Thanks for the great article!

However I would like to point out a typo.

At step 9 you're missing an asterisk before the domain.

Instead of "^([a-zA-Z0-9-_]+.)domain.com$", it should be "^([a-zA-Z0-9-_]+.)*domain.com$"

 

Regards,

Hiep Le

Microsoft

Thanks for checking out the post and point out the typo, Hiep! I have updated it

Copper Contributor

For “Match URL” section, enter (.) into the “Pattern

(.) will match only the first character of the input string. 

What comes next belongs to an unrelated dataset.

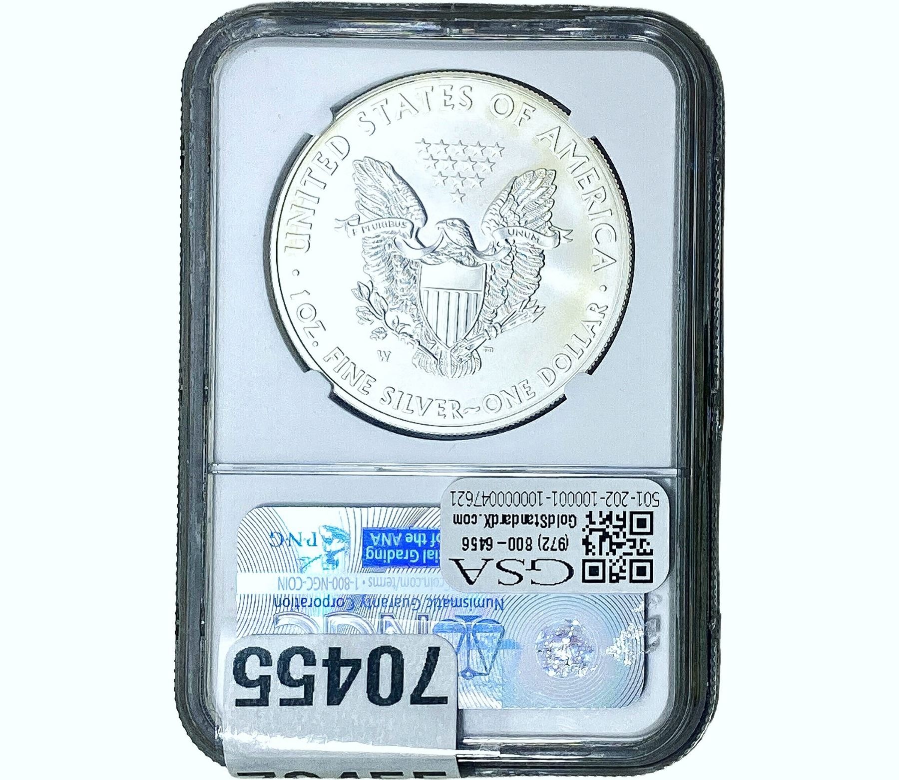 e. Coins sold referencing a third-party grading service are sold “AS IS” without any express or implied warranty, except for a guarantee by GSA that they are genuine. Removal or alteration of the holder, voids all of Bidder’s claims concerning that Product. Certain warranties may be available from the grading services and Bidders are referred to them for further details: Numismatic Guaranty Corporation (NGC), PO Box 4776, Sarasota, FL 34230, www.ngccoin.com/services/writtenguarantee.asp; Professional Coin Grading Services (PCGS), PO Box 9458, Newport Beach, CA 92658, www.pcgs.com/guarantee.html; ANACS, 6555 S. Kenton St., Ste. 303, Englewood, CO 80111; and Independent Coin Grading Co. (ICG), 7901 East Bellview, Ave., Suite 50, Englewood, CO 80111.
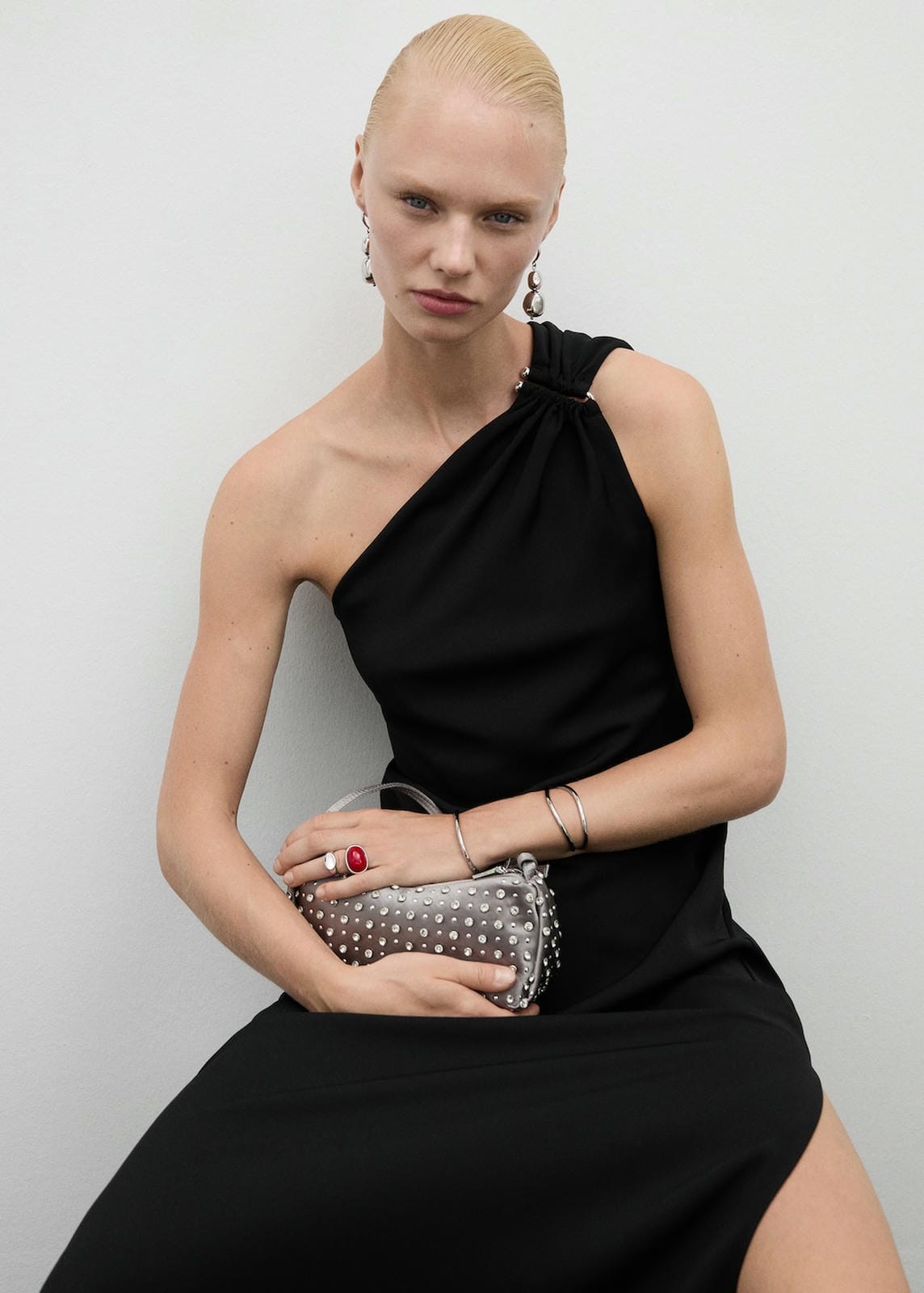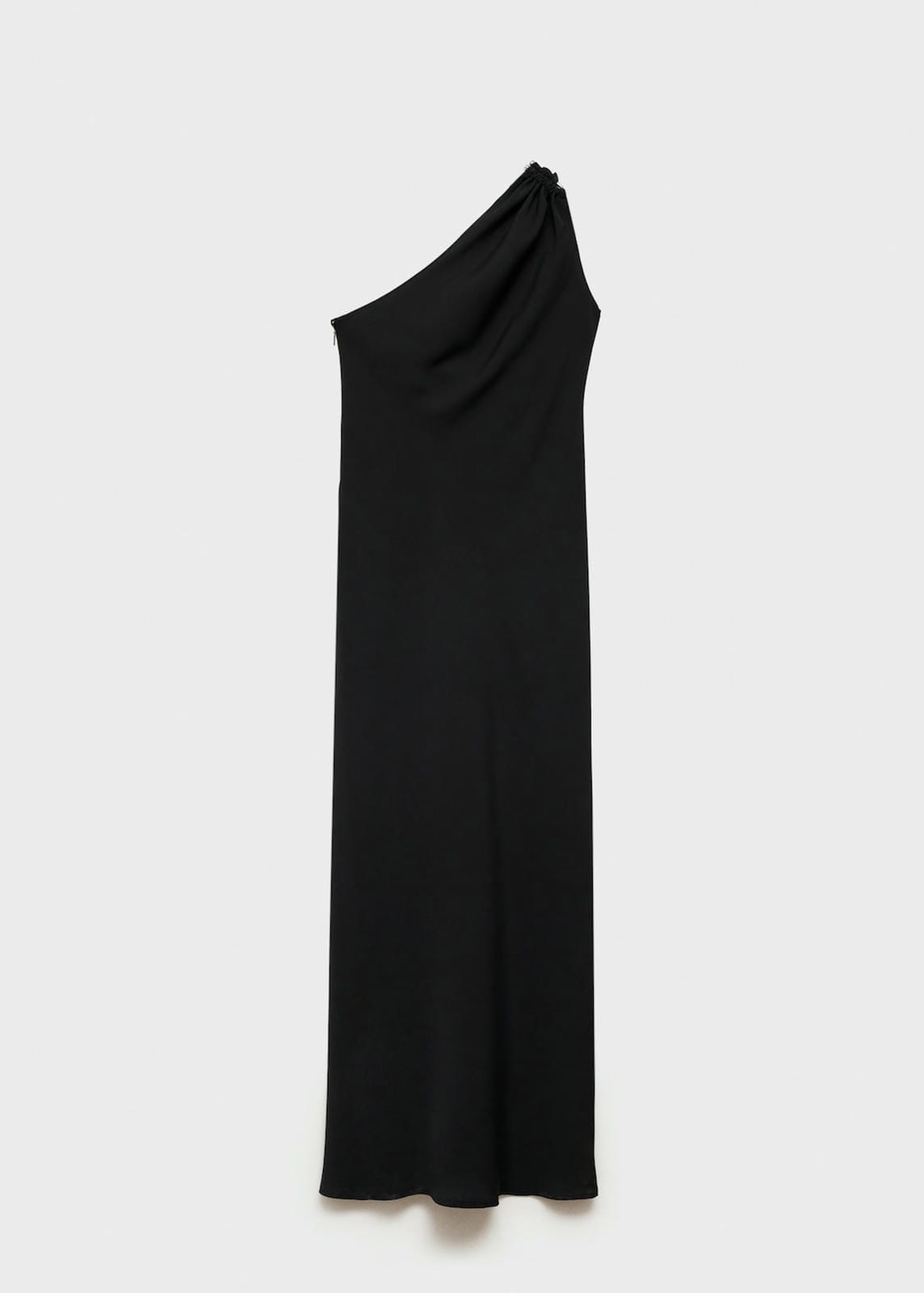 Flowy fabric. Long design. Asymmetric neckline. Wide strap. Metallic detail. Draped detail. Invisible lateral zip fastening. Party and events collection. Fitted design. Back length 156.8 cmProduct Code: 77014039-99

(.*) will match the whole input string twice because of the grouping parenthesis

.* will match the whole input string in a single pass

Is the intent to match only the first character of an input URL? Just be looking at the rule, I would guess it would cause all requests to the webserver to be redirected.

 

Enter ^([a-zA-Z0-9-_]+.)*domain.com$ into “Pattern” field (change domain name with yours)

You may want to escape the "." as in ([a-zA-Z0-9-_]+\.) and domain\.com, to ensure that the regex engine interprets the dot as a literal rather than a wildcard for any single character. As the pattern is currently written, an input string containing sv123!domain_com or domain;com would match.

Also, it might make sense to limit repetition of the ([a-zA-Z0-9-_]+\.) pattern. Maybe use {0,2} instead of right after it. That would allow a match of zero to two subdomain levels max, such as mydomain.com, or server1.mydomain.com, or server1.svgroup0.mydomain.com.

 

Copper Contributor

You may want to bound the ([a-zA-Z0-9-_]+\.) pattern further by limiting the number of characters before the dot.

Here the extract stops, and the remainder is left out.